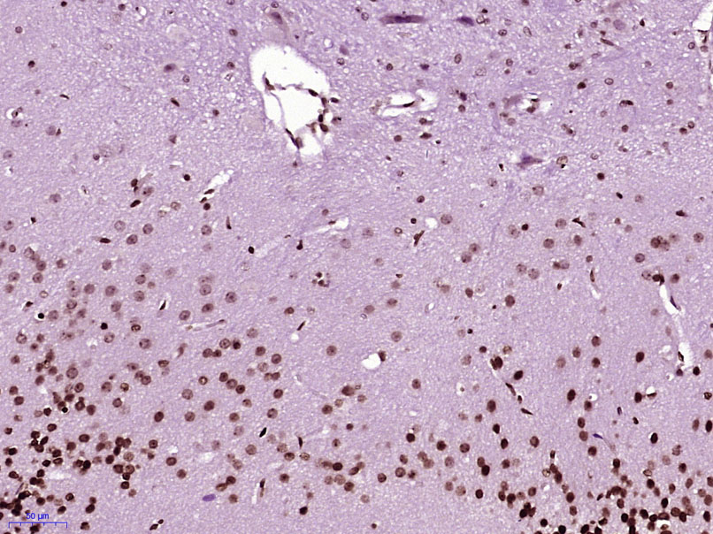 Paraformaldehyde-fixed, paraffin embedded (Rat brain); Antigen retrieval by boiling in sodium citrate buffer (pH6.0) for 15min; Block endogenous peroxidase by 3% hydrogen peroxide for 20 minutes; Blocking buffer (normal goat serum) at 37°C for 30min; Antibody incubation with (NFKBIL1) Polyclonal Antibody, Unconjugated (bs-19224R) at 1:400 overnight at 4°C, followed by operating according to SP Kit(Rabbit) (sp-0023) instructionsand DAB staining.
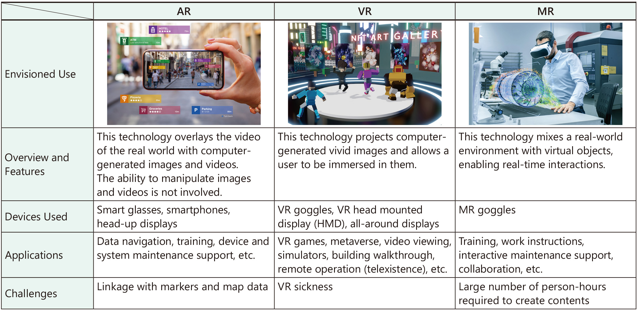 Figura 1: Principales características de AR, VR y MR.
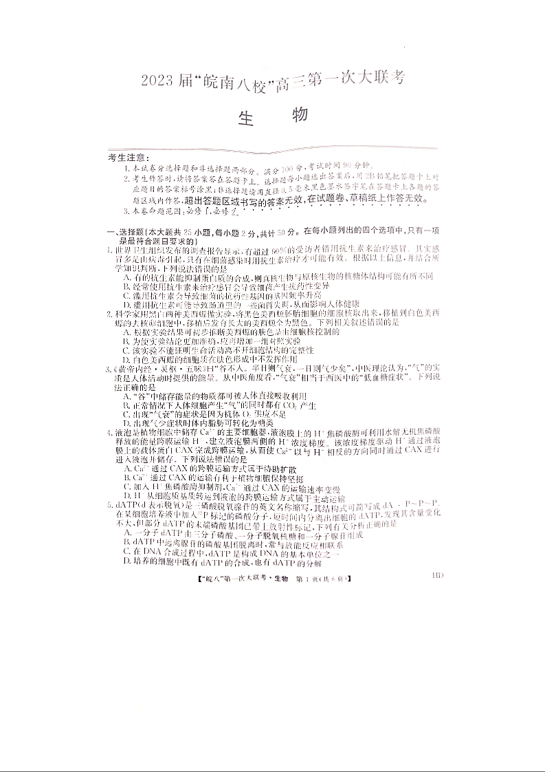 高三生物--安徽省“皖南八校”2023届高三上学期第一次大联考
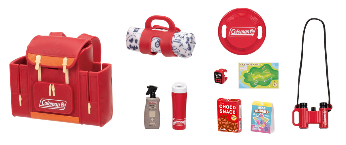 アドベンチャーハットやレインブーツ、ランタンのプリントバッグなど「コールマン」の人気ファッショングッズを「リカちゃん」サイズのミニチュアで再現した小物が付属します。

## TASK
Would you please write out exactly the lines between the line containing "Figura 1: Principales" and the last line of the listing above, inclusive, without pictures?

## SOLUTION FOR THIS EXERCISE
 Figura 1: Principales características de AR, VR y MR.
 高三生物--安徽省“皖南八校”2023届高三上学期第一次大联考
 アドベンチャーハットやレインブーツ、ランタンのプリントバッグなど「コールマン」の人気ファッショングッズを「リカちゃん」サイズのミニチュアで再現した小物が付属します。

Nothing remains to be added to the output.